On my A100, it was out of memoy (> 80G) :(
May I know which step it went OOM? It should have worked even with 48GB memory. For the time cost, it may cost nearly one to two days (full quantization) depending on the CPU.
I previously encountered an OOM issue in the (act recon_model) part, but it might have been due to my own mistake.
I am now running full quantization of SD 1.4 calibration without modifying any code. After two hours, it reached (weight recon_model) and the memory usage is 29GB. Is this a normal value?
Yes, it is a normal value :)
Thanks a lot for your reply :)
After one day calibration, it is still calibrating weight (weight recon_model), and the memory usage is 46G.

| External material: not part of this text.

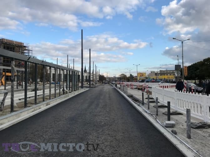 Наразі тут уже замінили підземні комунікації, проклали трамвайні колії, замостили її бруківкою, встановили зупинкові павільйони, а днями на проїжджій частині, де курсуватимуть автобуси, проклали перший шар асфальту. На пішохідній частині посередині площі встановили кілька лавок.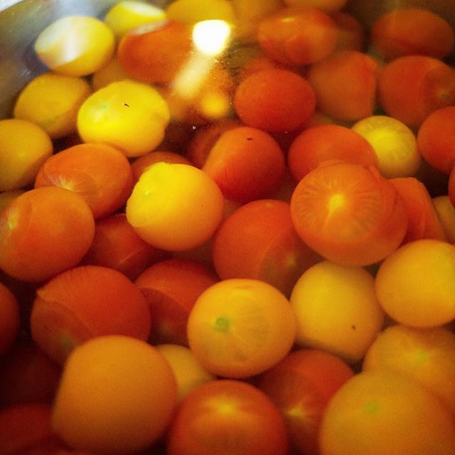 地味なメニューだけど人気だよ!とこれから湯剥きをするところと、冷水の中のミニトマトは、ゆらゆら金魚のようでもあり(笑)(お)

I wonder if the memory would be large when calibrating activation recon_model
Yes, it will consistently grow during weight calibration... In our experiments, it will get close to 48GB but do not go OOM. Under our case, we do not do activation reconstruction but directly finetune. If you would like to try activation reconstruction, the memory usage also won't surpass 48GB and will be safe under 80GB.
I got it. So your w4a4 model was not from activation reconstruction? How can it be finetune
We do not do activation reconstruction (recon_model) but still initialize it so that we have the basic quantization parameters. You can refer to line 487~575 in txt2img.py for more details.
I see. Thanks a lot :)
We calibrate the model until line 570, and the error occurs:
TypeError: pd_optimize_timeembed() got an unexpected keyword argument 'cond'
and I check the code, the function doesn't have the keyword 'cond', so how can it be solved? Do we need to train from very begin?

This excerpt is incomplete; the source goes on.